7. Look into assistance programs
Some drug manufacturers offer copay or patient assistance programs for infusion medicines. Patients should:
- Verify whether the insurance plan will apply these payments toward the deductible or out-of-pocket maximum
- Note that not all states require insurers to count manufacturer assistance, so patients could reach their maximum more slowly than expected
8. Check eligibility for subsidies
Patients purchasing Marketplace plans could qualify for premium tax credits or cost-sharing reductions if their income meets federal guidelines. These subsidies can significantly reduce monthly premiums and overall costs.

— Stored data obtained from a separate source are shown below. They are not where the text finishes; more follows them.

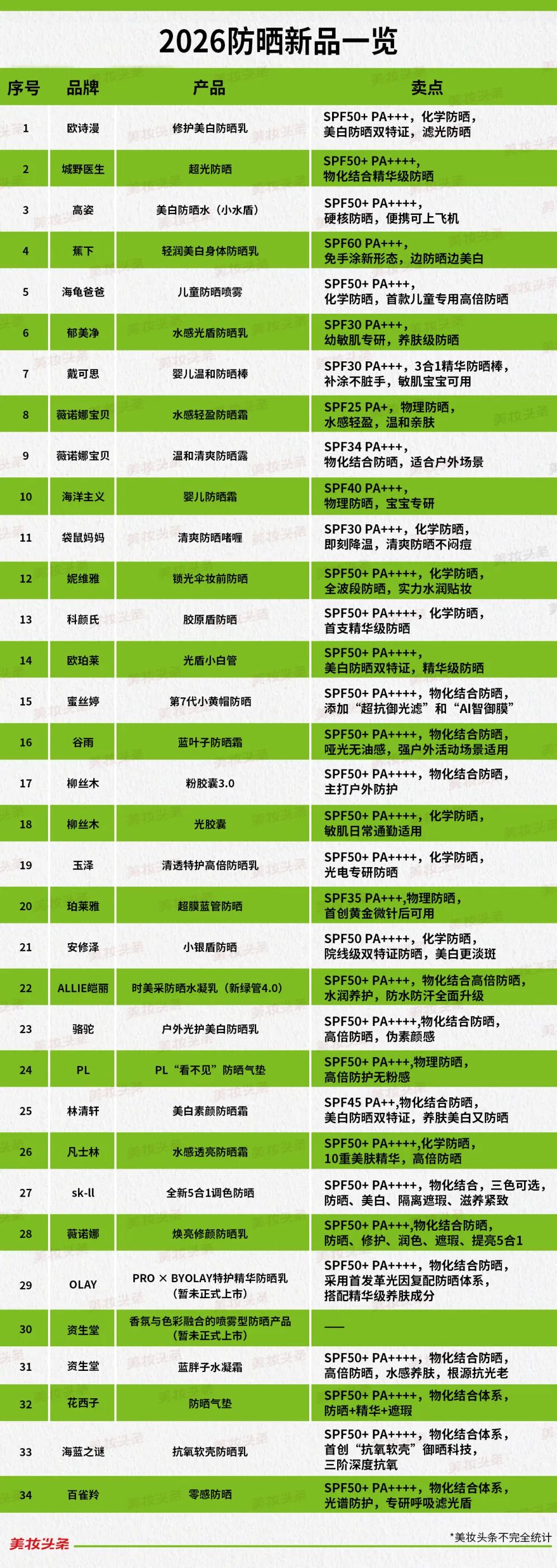 据不完全统计,截至3月3日,国内外已有30+品牌抢先入局,密集推出防晒新品。从新锐国货到高端大牌,从前沿技术到专研成分,透过这些新品,2026年的防晒风向已清晰可感。
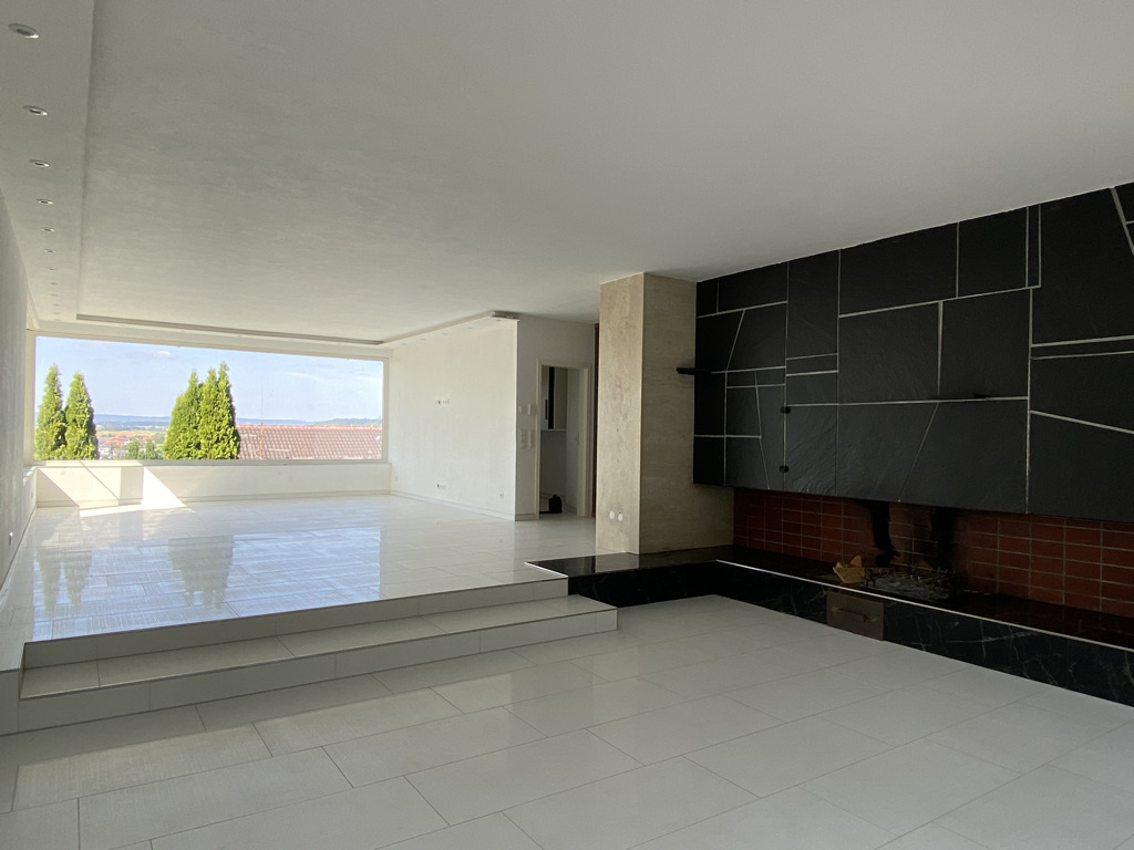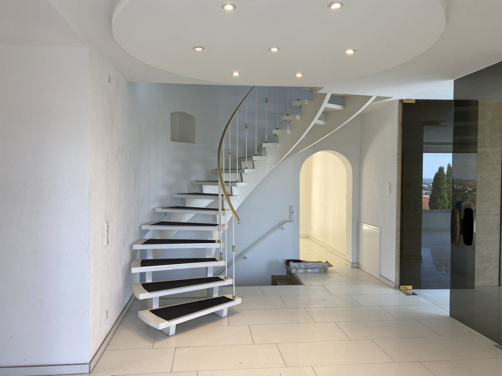 Die Hauptwohnung (Wfl. ca. 200 m² mit Terrassen- und Balkonflächen) befindet sich im Obergeschoss. Über eine Außentreppe gelangt man zu der Eingangstüre der Hauptwohnung. Die Wohnung verfügt über ein ca. 67 m² großes Wohnzimmer mit offenem Kamin. Zur Straße hin blickt man durch eine große Fensterfront über Winnenden, auf der anderen Seite kann man den Blick in den Garten genießen. Über eine Schiebetüre gelangt man hier in den Garten. Es gibt einen abgeschlossenen Küchenraum (In der Küche befindet sich eine Einbauküche mit Geräten. Der Mieter kann diese Küche ohne zusätzliche Kosten und ohne jede Gewähr benutzen).Besonders schön ist der helle, großzügige Eingangsbereich mit Garderobe, separatem WC und Hauswirtschaftsraum. Über das Esszimmer gelangt man zu der überdachten Terrasse und in den Garten. Im Garten gibt es einen kleinen Geräteschuppen.
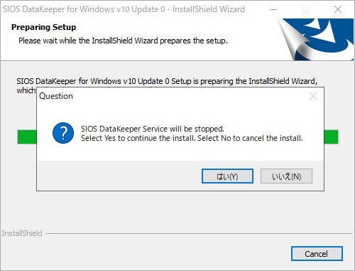 10.DataKeeperサービスの停止確認が表示されますので、「はい(Y)」をクリックしてセットアップを進めます。

However, as of this writing, the enhanced tax credits are set to expire after 2025, meaning 2026 Marketplace coverage could be more expensive.
9. Mark important deadlines
Missing deadlines could leave patients without coverage for the year. Remind them of:
- Medicare General Enrollment: Oct 15 – Dec 7, 2025
- Medicare Advantage Open Enrollment: Jan 1 – Mar 31, 2026
- Marketplace Open Enrollment: Nov 1, 2025 – Jan 15, 2026 (Dec 15 for Jan 1 coverage)
- State-specific marketplace dates (refer them to CMS.gov if needed)
10. Understand Special Enrollment Periods (SEPs)
If patients miss Open Enrollment, they could still qualify for coverage changes due to:
- Loss of health coverage
- Offer of new health benefits
- Change in household (marriage, divorce, birth, adoption, death)
- Change in residence
After Enrollment
Once a patient has chosen their plan, remind them to:
- Keep copies of enrollment forms and insurance cards
- Confirm that infusion treatments and providers are covered
- Set a reminder for next year’s Open Enrollment
- Revisit plan every year, as needs or finances can change
Conclusion
Choosing health insurance can feel overwhelming for patients, especially those who rely on infusion treatments. But by checking coverage for medicines, confirming providers, and comparing real costs, patients can choose a plan that protects both their health and their budget in 2026.